Maternal administration of
DDAVP induces maternal and fetal plasma
hyponatremia, accentuates fetal urine flow, and increases amniotic fluid volume. Fetal
hemorrhage represents an acute stress that results in fetal AVP secretion and reduced urine flow rate. In view of the potential
therapeutic use of
DDAVP for pregnancies with reduced amniotic fluid volume, we sought to examine the impact of maternal hypotonicity during acute fetal
hemorrhage. Chronically catheterized pregnant ewes (130 +/- 2 days) were allocated to control or to
DDAVP-induced
hyponatremia groups. In the latter group, tap water (2,000 ml) was administered intragastrically to the ewe followed by
DDAVP (20 microg bolus, 4 microg/h) and a maintenance
intravenous infusion of 5%
dextrose water for 4 h to achieve maternal
hyponatremia of 10-12 meq/l. Thereafter, ovine fetuses from both groups were continuously hemorrhaged to 30% of estimated blood volume over a 60-min period.
DDAVP caused similar degree of reductions in plasma
sodium and osmolality in pregnant ewes and their fetuses. In response to
hemorrhage,
DDAVP fetuses showed greater reduction in hematocrit than control fetuses (14 vs. 10%). Both groups of fetuses demonstrated similar increases in plasma AVP concentration. However, the AVP-
hemorrhage threshold was greater in
DDAVP fetuses (22.5%) than in control (17.5%).

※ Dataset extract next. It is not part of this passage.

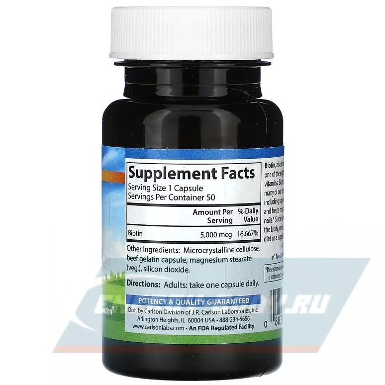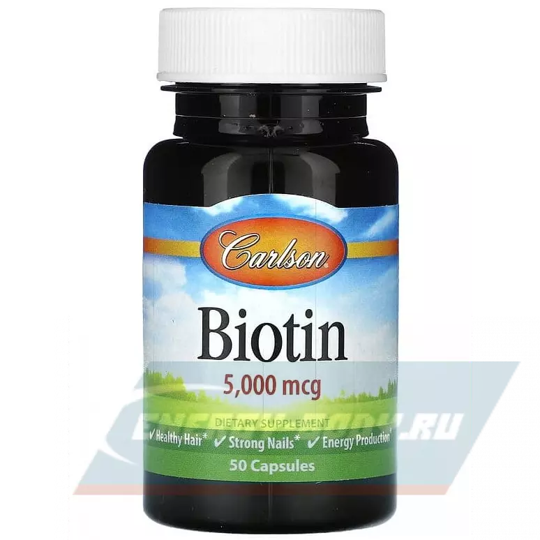 Выглядите и чувствуйте себя лучше с отмеченным наградами Carlson Biotin. Биотин, также известный как витамин B-7, является одним из восьми важных витаминов комплекса B. Биотин поддерживает производство энергии; играет роль во многих метаболических функциях нашего организма; и помогает питать здоровые волосы, кожу и ногти. Поскольку биотин не синтезируется организмом, мы должны получать его с пищей или добавками. Одна капсула содержит 5000 мкг биотина.

Hemorrhage had no significant impact on plasma osmolality,
electrolyte levels, or cardiovascular responses in either group of fetuses. Despite similar increases in plasma AVP,
DDAVP fetuses preserved fetal urine flow rates, with values threefold those of control fetuses. These results suggest that under conditions of acute fetal stress of
hemorrhage, maternal
DDAVP may preserve fetal urine flow and amniotic fluid volume.